Now, let’s get to the fun stuff. Excel-based visual reports present information in bar graphs, pie charts, or line graphs. They’re great for comparing values side by side, such as baseline vs. actual values, or looking for trends, such as earned value over time. Visio-based visual reports are hierarchical, like a work breakdown structure. In addition to looking at detail level by level, you can use Visio data graphics to highlight good, bad, and indifferent values.

When you select a visual report template (whether built-in or one you customize), the template gathers the data (that is, the Project fields and the time period granularity) and produces the initial view. On the Project tab, in the Reports group, click Visual Reports. Select the template and time period you want and click View. The type of visual report makes a difference. Usage visual reports include time-phased data. Assignment usage is the most flexible because these reports have time-phased data about both tasks and resources. Summary reports, on the other hand, show overall results, not time-phased data.

It took some time before I got my head around how to tweak visual reports. For Excel visual reports, the secret is the two worksheets. The worksheet named Chart1 is the pivot chart, which displays the data in a graph. You can do some tweaking from the Chart1 worksheet. However, the second worksheet is the pivot table. You can expand, collapse, reorient, and reconfigure the pivot table to your heart’s content and the pivot chart displays the results.

One nifty trick: create a second independent window so you can look at both worksheets at the same time. That way, you can immediately see if the changes you make in table produce the results you want on the chart.

Excel’s pivot chart tools let you sculpt the report into the shape you want.

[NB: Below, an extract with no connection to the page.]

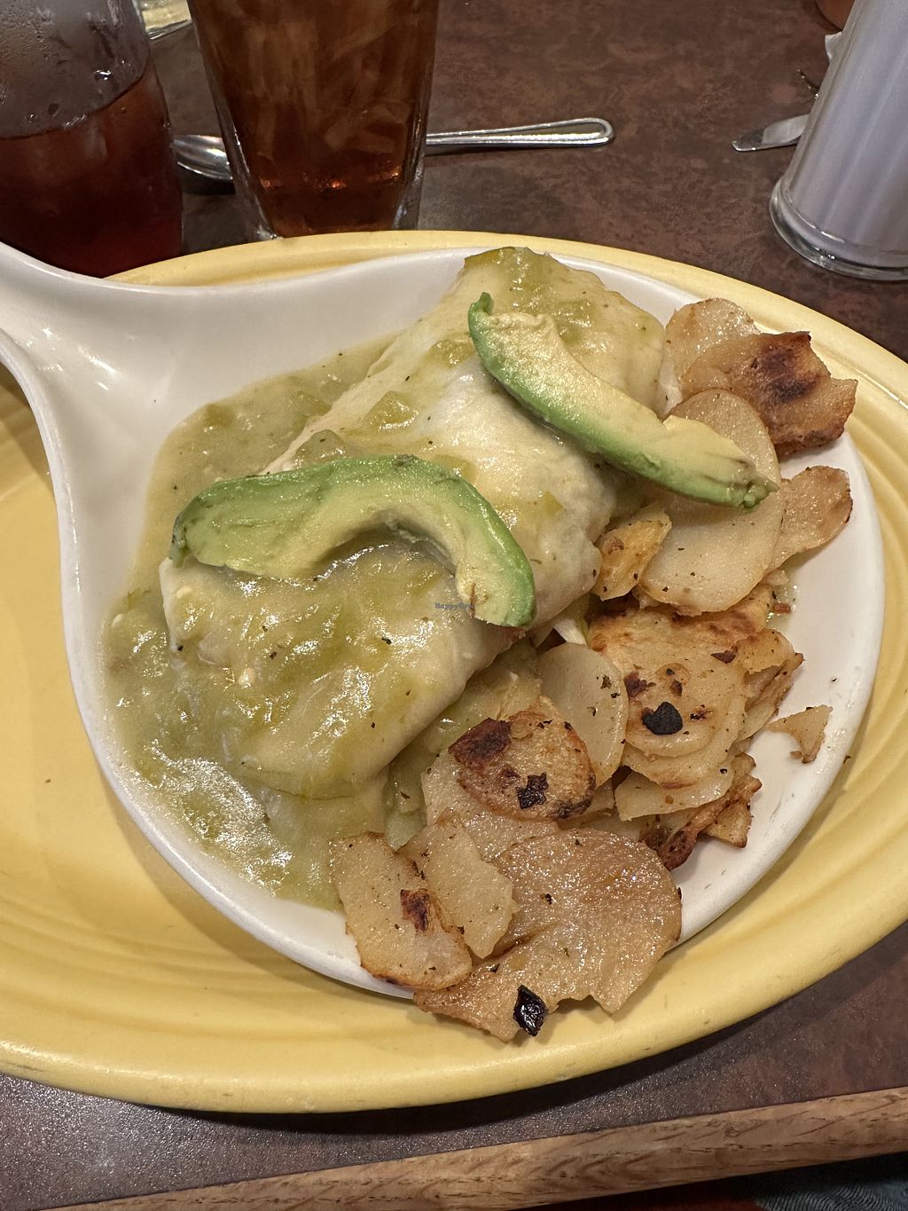 Vegan burrito. Delicious salsa verde

  • Add fields to the graph and table. The pivot chart usually displays vertical bars for the fields you want to look at, such as cost or work. You change the type of chart as you would any normal Excel graph. The fields you select also appear as columns in the pivot table. In the PivotTable Field List, you can add, remove, or change the fields that appear in the pivot chart. Turn on a checkbox to include a field. In the Values box, drag a field to a new location in the list to reorder the fields.

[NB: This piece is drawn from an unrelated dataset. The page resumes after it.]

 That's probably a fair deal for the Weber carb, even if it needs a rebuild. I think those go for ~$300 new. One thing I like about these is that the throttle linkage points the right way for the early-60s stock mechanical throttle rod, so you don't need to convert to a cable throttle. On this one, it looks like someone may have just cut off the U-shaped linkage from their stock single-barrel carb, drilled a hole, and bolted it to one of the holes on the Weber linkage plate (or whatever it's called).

Certification Insider: Project Reporting

  • Filter data. Like filtering in Project, you can filter the information that appears in a visual report. To use a field as a report filter, drag the field into the Report Filter box in the task pane. In the pivot table, expand or collapse items or turn specific items on or off. You can filter in other ways by clicking the down arrows to the right of the other fields in the pivot table — for example, to the right of the cell that says “Year.”
  • Categorize information. The rows in a pivot table typically represent tasks, resources, or time. Changing the category is how you change your perspective of your data, for example, to look at cost over time or by task. You can also add categories to break down the data further, for instance, to look at cost per summary task and by each resource working on that part of the project. Just add another category to the Row Labels box.
  • Expand and collapse data. Click expand buttons (+) or collapse buttons () in the pivot table to drill down to more detail or summarize your info.
  • Format the chart. You can change the chart type, use a different bar style, and format labels. In some cases, you can simply right-click the chart and choose the formatting you want. Or you can use formatting commands.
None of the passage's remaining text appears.